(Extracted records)
▼▼▼

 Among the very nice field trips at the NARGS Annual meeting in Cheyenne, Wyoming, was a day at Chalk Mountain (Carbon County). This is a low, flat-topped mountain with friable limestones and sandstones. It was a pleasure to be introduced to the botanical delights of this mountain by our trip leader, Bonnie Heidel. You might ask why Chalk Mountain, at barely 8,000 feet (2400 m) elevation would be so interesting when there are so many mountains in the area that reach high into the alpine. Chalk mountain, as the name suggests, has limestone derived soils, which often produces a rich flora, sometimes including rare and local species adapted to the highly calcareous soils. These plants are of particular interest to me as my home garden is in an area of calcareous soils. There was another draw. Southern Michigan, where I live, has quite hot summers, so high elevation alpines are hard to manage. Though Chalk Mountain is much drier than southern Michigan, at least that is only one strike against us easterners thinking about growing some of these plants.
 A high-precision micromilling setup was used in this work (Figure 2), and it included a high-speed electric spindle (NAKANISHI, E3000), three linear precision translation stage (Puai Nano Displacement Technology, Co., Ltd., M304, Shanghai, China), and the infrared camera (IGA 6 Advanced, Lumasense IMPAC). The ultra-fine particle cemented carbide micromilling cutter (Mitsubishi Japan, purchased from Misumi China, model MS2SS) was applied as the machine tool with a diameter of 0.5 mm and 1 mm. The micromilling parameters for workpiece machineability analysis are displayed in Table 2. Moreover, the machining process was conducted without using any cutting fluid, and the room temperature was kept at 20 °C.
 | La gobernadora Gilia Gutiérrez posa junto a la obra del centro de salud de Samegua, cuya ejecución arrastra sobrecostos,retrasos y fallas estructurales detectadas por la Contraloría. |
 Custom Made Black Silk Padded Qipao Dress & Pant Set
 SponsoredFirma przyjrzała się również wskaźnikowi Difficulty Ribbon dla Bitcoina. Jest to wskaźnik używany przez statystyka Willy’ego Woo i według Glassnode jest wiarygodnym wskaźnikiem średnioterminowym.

▲▲▲

## Instructions for the task
Reproduce exactly, with nothing added, the lines from the one that contains "Custom Made Black" to the end of the data.

## Finished exercise
 Custom Made Black Silk Padded Qipao Dress & Pant Set
 SponsoredFirma przyjrzała się również wskaźnikowi Difficulty Ribbon dla Bitcoina. Jest to wskaźnik używany przez statystyka Willy’ego Woo i według Glassnode jest wiarygodnym wskaźnikiem średnioterminowym.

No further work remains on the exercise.